Осеев поискал взглядом остальные баркасы. Но те уже были на выходе в море.
— Ну что, отец, проскочим до сейнера? — предложил он.
Тот опять пожал плечами. Девчонка смотрела на рыбаков широко раскрытыми глазами. От ее безразлично-сморенного вида не осталось и следа.
— Возьмем на буксир и вмиг там будем...
И они, прихватив лодку, продолжили путь в сторону моря.
— Старик-то не хуже нас разговаривает по-русски, — удивился Климов. — Интересно, где это он научился?
— А правда, где? — подхватил Селенин.
— Неужели был у нас на учебе? — гадал радист.
— Ты что, в такие-то годы! — фыркнул Селенин. — Ему запросто все семьдесят...
На сейнере их ждали с нетерпением. Интересно ведь, где они были, что видели, с кем встречались, чем их угощали? И что это за старик и девочка? А узнав, в чем дело, засуетились. Особенно Витюня.

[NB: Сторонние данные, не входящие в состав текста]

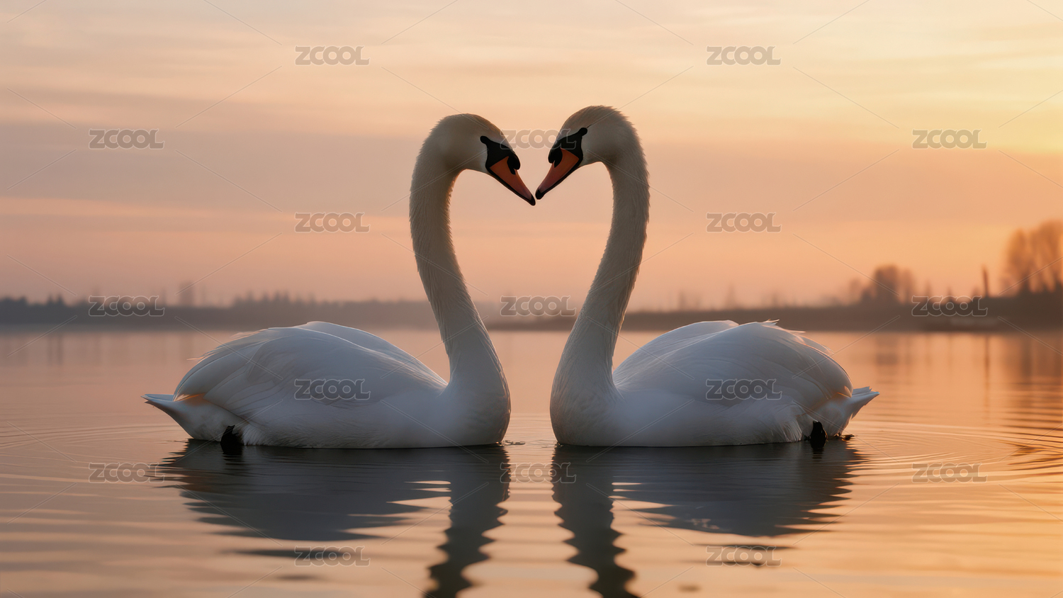 双天鹅交颈形成爱心形状

— Это мы мигом. Где ваш мотор? Подавайте сюда.
Старик полез было обратно в лодку, но Погожев остановил его:
— Ну что вы, отец. Вон какие у нас орлы, для них мотор словно перышко.

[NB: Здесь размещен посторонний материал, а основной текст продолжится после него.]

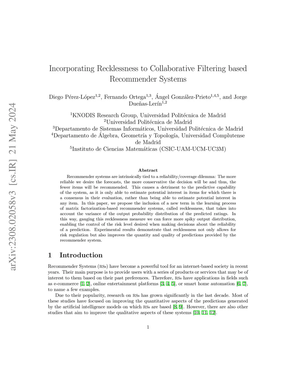 Incorporating Recklessness to Collaborative Filtering based Recommender
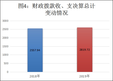 2019年财政拨款收、支总计2819.72万元。与2018年相比,财政拨款收、支总计各增加261.88万元,增长10.23%。主要变动原因:一是我县举全县之力开展脱贫攻坚工作,政府办现有的公务用车持有量不能满足县级各部门为开展脱贫攻坚工作的用车量,只能大量租用运输公司的出租车,造成租车费用成倍的增加;二是在2018年实行公务用车集中管理后,收回的公务用车很多已超年限服务,已不能保障用车安全,而且维修费用也高,所以报上级部门报废更新了一批新的公务用车。所以,2018年我单位的收入和支出较上年都有所增加。三是2019年是全县脱贫攻坚工作的摘帽年,各项工作任务很重,我办加大了脱贫攻坚工作的经费投入。所以,2019年我收入和支出较上年都有所增加。

Старик улыбнулся, обнажив ряд вставных металлических зубов.
— Это верно, — согласился он, морщинистой ладонью поглаживая по голове девочку, — молодость, она всегда молодость.

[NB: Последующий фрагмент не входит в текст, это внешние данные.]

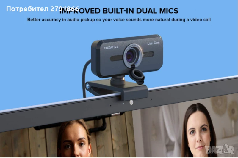 - ПОДОБРЕНИ ДВОЙНИ ВГРАДЕНИ МИКРОФОНИ ЗА ЕСТЕСТВЕНО УЛЪЧВАНЕ НА ГЛАС - Подобрените двойни вградени микрофони на Creative Live! Cam Sync 1080p V2 са способни на по-добра точност при улавяне на звука, така че гласът ви звучи по-естествено по време на видео разговор; почти толкова естествено, колкото ако разговаряте лице в лице. Можете също така да говорите с комфортна сила на звука, без да се налага да напрягате гласа си, и все пак да бъдете чути ясно.
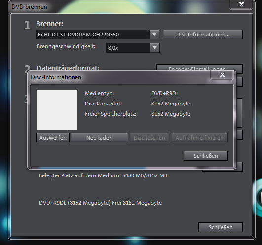 However, wenn es passt gut. Sonst meine vorangegangenen Tipps aufnehmen. Ob die DVD erkannt wird kannst du daran erkennen, ob sinnvolle Einträge unter dem Button "Diskinformationen" auftauchen. Wenn nicht, nutzt du einen kaputten Rohling, oder ein hinterindischer Hersteller hat kunstfertig Makrolon auf seinem Brotbrett in den Ofen geschoben. Das wäre also die Stelle wo Qualität was bringt, auch bei der dauerhaltbakeit der DVD.

— Леха, покормить бы гостей надо! — крикнул Сеня.
Помощник капитана, по пояс голый, не спеша разгуливал по палубе. Его казавшиеся негнущимися штаны из чертовой кожи с пузырями на коленках были подвязаны скрученной в жгут рыбацкой сеткой. На загорелом теле поигрывали мускулы. Наверно, так вот в старину выглядели пиратские атаманы.
Леха еще не пришел в себя от поездки. И на дверях камбуза висел замок. Леха не любил, чтоб кто-нибудь без него хозяйничал на камбузе. И когда уходил даже в кубрик — на двери вешал замок.
Фомич спустился в машинное, готовился к отходу. Осеев с инженером в капитанской каюте шуршали промысловыми картами...
— А вам сколько лет, отец? — спросил старика Погожев.
— Мно-ого, — ответил тот нараспев и как-то безнадежно махнул рукой. — Да и не в годах дело. Смотря как они прожиты.
— Русский язык вы знаете не хуже русского. Как это вам удалось? — как бы между прочим спросил Погожев, принимая от Витюни подвесной мотор и искоса наблюдая за стариком.
Погожев уловил взглядом, как по лицу старика пробежала легкая тень заминки и перешла в грустную усмешку.
— Я и есть самый настоящий русский, — сказал старик, прижимая к себе девочку, словно кто-то собирался отнять ее у него. — Был русским, — как-то торопливо поправился он. — Родом из Крыма. За сорок с лишним лет на чужбине позабудешь, какой ты есть нации.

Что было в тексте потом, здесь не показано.